While discussing the "dedented string literals" RFC I noticed that Rust's treatment of newlines in source text does not appear to match what the Unicode annex that we're using as a normative reference for 'whitespace' says is supposed to happen.
The Rust reference says that "whitespace" is defined as any sequence of Unicode Pattern_White_Space characters with a reference to UAX#31 for the definition of Pattern_White_Space. The Rust reference doesn't, as far as I can tell, make very much distinction between types of whitespace, although in another section it does say that CR LF sequences (U+000D immediately followed by U+000A) are "normalized" to just U+000A very early in lexical analysis.
In UAX#31, by contrast, Pattern_White_Space is subdivided into three classes which I'm going to call "horizontal whitespace", "ignorable format controls", and "end-of-line markers." The "end-of-line markers" class is quite extensive:
A sequence of one or more of any of the following characters shall be interpreted as a sequence of one or more end of line:
I'm wondering whether we should change the newline normalizer so that all of the above characters are normalized to LF, as well as CR LF sequences. The motivation would just be to align ourselves more precisely with Unicode and not to have to explain that, despite talking about Pattern_White_Space, we ignored most of the actual UAX#31 recommendtaions; actual usage of any of these characters (other than CRLF line endings) is vanishingly rare. It would technically be a breaking change, but only for programs that put a literal instance of one of these characters inside a string (including a docstring).

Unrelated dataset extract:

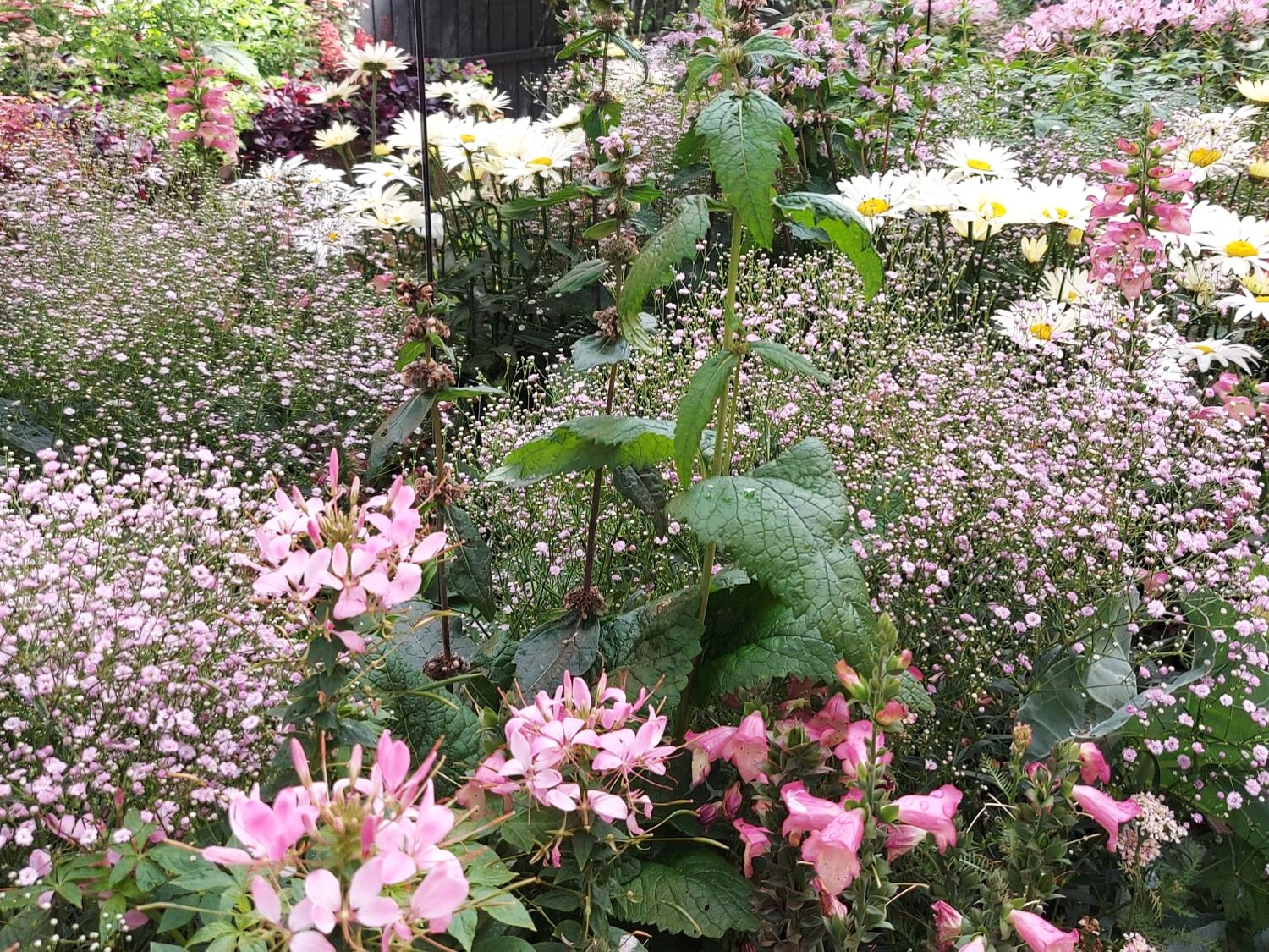 Resten af haven er fyldt med fantasifulde opstillinger og smukke bede. Der er rumblomster i et bed med en flyvende tallerken, en raket, røg og rumkugler (ikke romkugler, altså),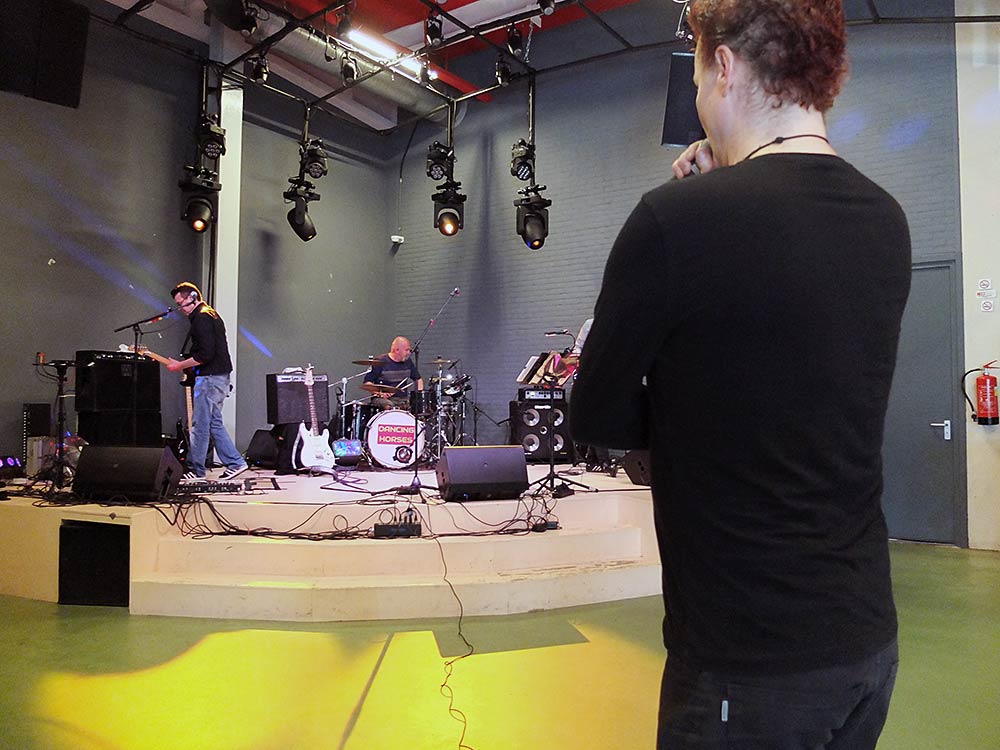 Tijdens de soundcheck worden de punten op de i gezet. En wordt eenieder zakelijk bij de les geroepen om te presteren. Discussie is er over hoe de telling van de backing track bij een nieuw ingestudeerde song – Bad van U2 – precies verloopt en op welk moment moet worden ingevallen. Dancing Horses werkt in veel liedjes met een geluidsopname die meeloopt terwijl zij spelen. Daarbij maken ze gebruik van sporenopnamen die op internet te vinden zijn van veel klassiekers. De kenmerkende baspartij bij de intro van Waterfront van Simple Minds bijvoorbeeld wordt zo slim ingezet om het origineel zo dicht mogelijk te benaderen. Niets kunstmatig is er verder aan het spel van de band. En de stem van Stooker is met je ogen dicht alsof Bono hoogstpersoonlijk vanavond in Fluor aanwezig is. Bovendien stelt de techniek die de band gebruikt hoge eisen aan met name drummer Ronald die zich in tempo precies moet houden aan de meelopende clicktrack, maar ook de structuur van elk nummer moet volgen. Elke afwijking is – zo demonstreerde Kiss onlangs – in principe fataal. Zorg is er alleen over de geluidsmensen van Fluor. Professionals die hun vak goed verstaan, maar zij zijn te jong om het vanavond gespeelde repertoire goed te kennen. En dus ook niet weten hoe hard de backingtrack moet staan om dat origineel te benaderen. De meegereisde gasten worden ingeschakeld om dat probleempje te tackelen: zij zullen de geluidsmensen bijstaan tijdens de show.

I appreciate the principle of this proposal, but given the hazards of line mis-interpretation (e.g. changing whether a line is part of a comment or not), it might be even better to prohibit literal instances of characters in the “end-of-line marker” class that are not either "\n" or "\r\n".
Or maybe a slightly more lenient rule: any such character may appear as long as it is preceded or followed by at least one \n. This is a generalization of allowing "\r\n" line endings, and would be appreciated by those old-school folks who like using form-feeds in code formatting (because it expresses “put this section on a new page”).
It would be painful if source code line numbers didn't align between rustc and other tools and editors.
I don't expect other tools to support anything besides (CR)LF. If some do, they're a minority, and use of other line break characters is going to give inconsistent results.
I think it would be better for Rust to walk back that definition, and disallow other line breaks outside of string literals, and warn by default about them appearing non-escaped in string literals.
The part of me that grew up hacking on classic MacOS has nostalgia for bare \r as a line terminator, but nonetheless I could get behind disallowing the unusual line break characters unless preceded/followed by \n, as you suggest.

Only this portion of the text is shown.